Venture Capital Firms In India: The Catalysts For Your Dream Business

Venture Capital Financing In India

 

Are you still sitting idle with the unique business idea in your mind? Don’t do that! Turn that dream idea into reality andventure capital become your own boss for the rest of the life. Venture capital financing in India has already started creating the favorable platform to encourage startups. Now that’s really great!Every business needs a catalyst to kick off. If you too have a viable plan, you must not miss the opportunity to chase the potential venture capitalists in the country.

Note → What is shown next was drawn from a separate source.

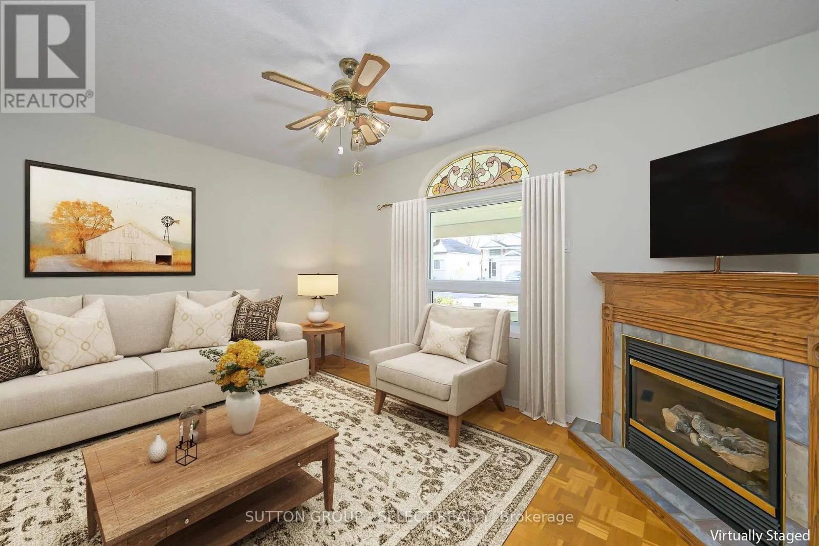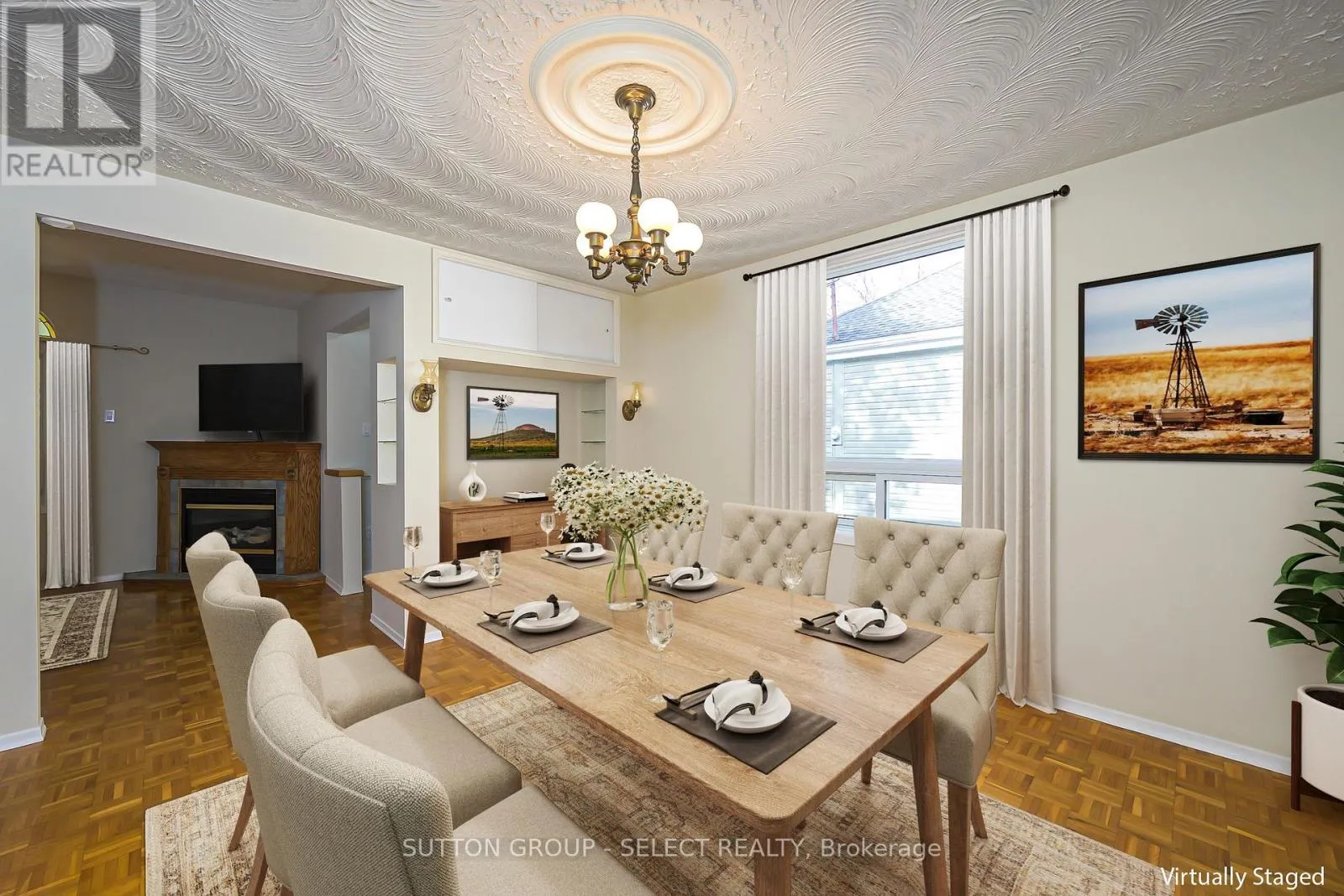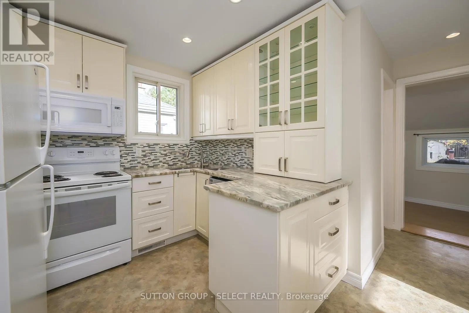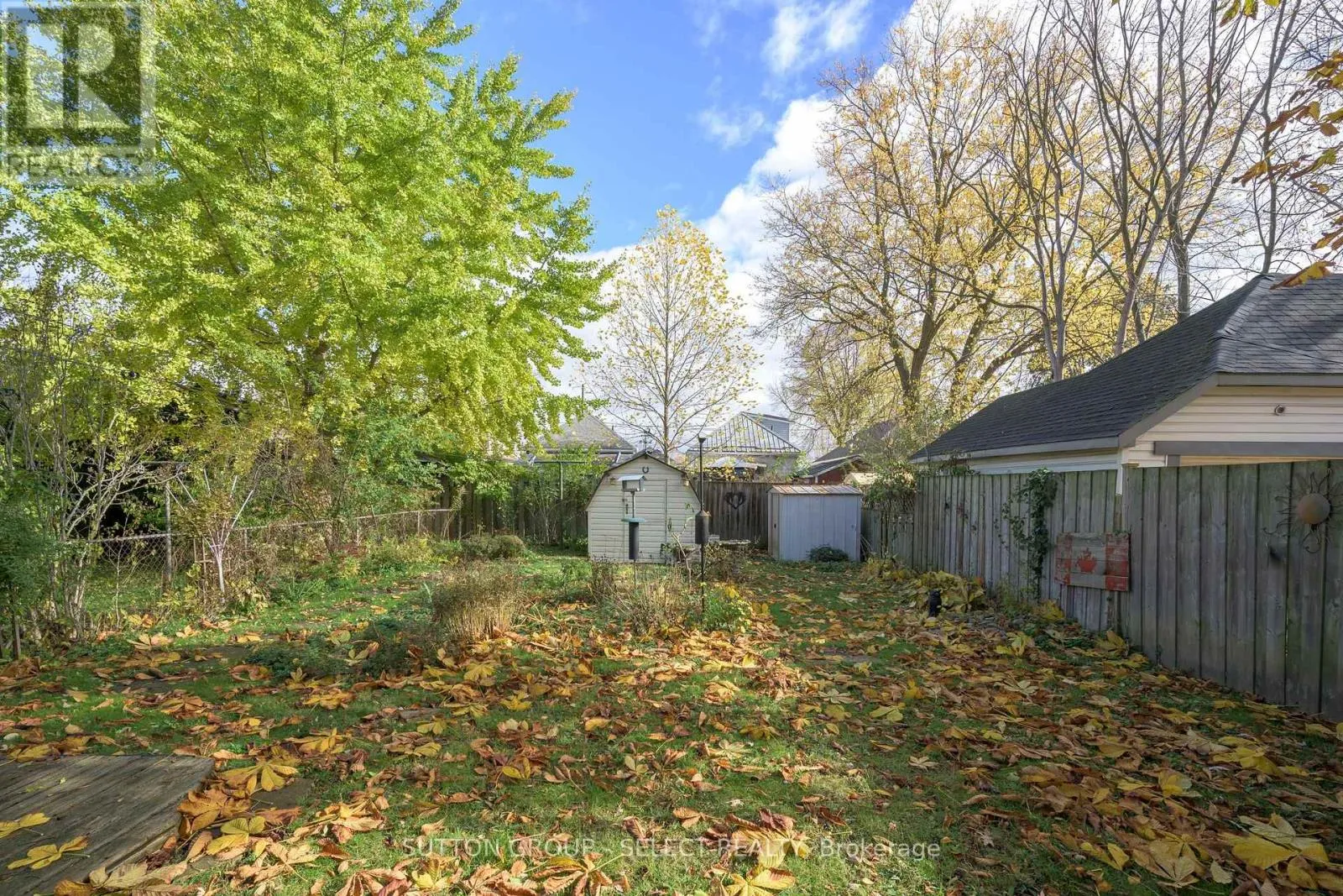 Cross Streets: Dundas Street East. ** Directions: Dorinda Street north from Dundas Street East. Move in ready bungalow in Old East! They don't get much better than this! This 2 bedroom, 1 bathroom bungalow is a sweet as they come. Freshly painted thru out, just move in & relax because everything is done! The cosy living room features a gas fireplace & large window w/ original stain glass transom overlooking the huge covered front porch. Well maintained parquet flooring in living room & the large dining room lend to the warmth & pride of ownership this home exudes. The dining room also features a large window allowing for plenty of light. The large primary bedroom has brand new carpeting and features a wall to wall closet & 2 large windows. The kitchen has been updated with warm white cabinetry & granite countertops, The smaller footprint has been maximized with clever pull outs & an efficient work triangle. The vented over the range microwave is new (never used), the dishwasher is newer. The corner stainless sink is provided with plenty of light from the nearby window. The second bedroom just off the kitchen features a generous closet and laminate flooring. The 4pc bath has been updated with a granite topped vanity, newer toilet & a bath fitter style bathub/shower with convenient grab bars. The mudroom features two large closets and overlooks the deep backyard. Laundry could be moved to mudroom from lower level.The exterior of the home is vinyl siding, Roof was replaced in 2021. The long concrete driveway leads to a 1-1/2 garage that is insulated & oversized (14' x 24-1/2') There are also two garden sheds on the property and room for a garden. The yard is fully fenced & features a recently painted wood deck and natural gas bbq. Laundry is in the lower level in the unfinished partial basement. The basement has been spray foamed for extra insulating value. The furnace was replaced in 2016, AC in 2015. Steps from the new Kellogg's entertainment complex, bus rapid transit, this low maintenance home is perfect for a young urban professional. (id:27476)
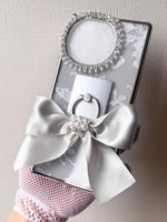 Himeさんのケースは3つ目です。まずはティファニーカラーのケース、そして今回と同じレースですが手帳型が2つ目。レース、ビジュー、パールにリボンと大好きなものを詰め込んだケースで、持っていて幸せな気分になります。リボンにイニシャルも付けていただきました。リボンの色もレースと同じグレーにするか水色にするか迷ったのですが、綺麗な薄い水色で今からの季節にぴったりでした!

Here’s a list of some of the top venture capital firms in India that are eager to invest in growing markets. Depending on their sector and stage preference, you can enlist some of the names, do a research on the investors and plan a strategy for your campaign to raise venture capital financing in India.

 

Top Venture Capital Firms In India

 

Accel Partners

Location – Bangalore
– Invests in growth stage startups.
– Targets sectors like, Infrastructure, Internet and Consumer Services, Mobile, Software and Cloud Enabled Services.

  • Battery Ventures

    Location – Mumbai.
    – Invests at seed, early stage, later stage investments along with private equity and debt financing.
    – It is one of those venture capital firms in India that prefer to invest in Enterprise Software, Software and Analytics.
  • Helion Ventures
  • Location – Bangalore and Gurgaon.
    – Invest in early to mid-stage startups.
    – Targets sectors like, Online Services, E-commerce, Mobility, Enterprise Software and Outsourcing.
  • Canaan Partners

    Location – New Delhi
    – Invests in seed, early-stage and late stage, private equity and debt financing investments.
    – Preferred sectors are Software, Biotechnology and Healthcare.
  • Bessemer Venture Partners

    Location – Mumbai.
    – Involved in seed, early stage, later stage venture capital financing in India along with private equity and debt financing investments.
    – Prefers to invest in Software, Enterprise Software and Mobile.

  • Matrix Partners

    Location – Mumbai.
    – Prefers seed and early stage investments.
    – Preferred sectors are, Software, Enterprise Software, Financial Tech, Mobile, SAAS and E-commerce.
  • WestBridge Capital

    Location – Mumbai.
    – Invests at early stage and later stage startups.
    – Prefers to invest in sectors like Mobile, iPhone and Android.
  • Band of Angels

    Location – Mumbai.
    – Invests in seed, early stage and later stage startups.
    – Targets sectors like, Software, Healthcare, Health and Wellness.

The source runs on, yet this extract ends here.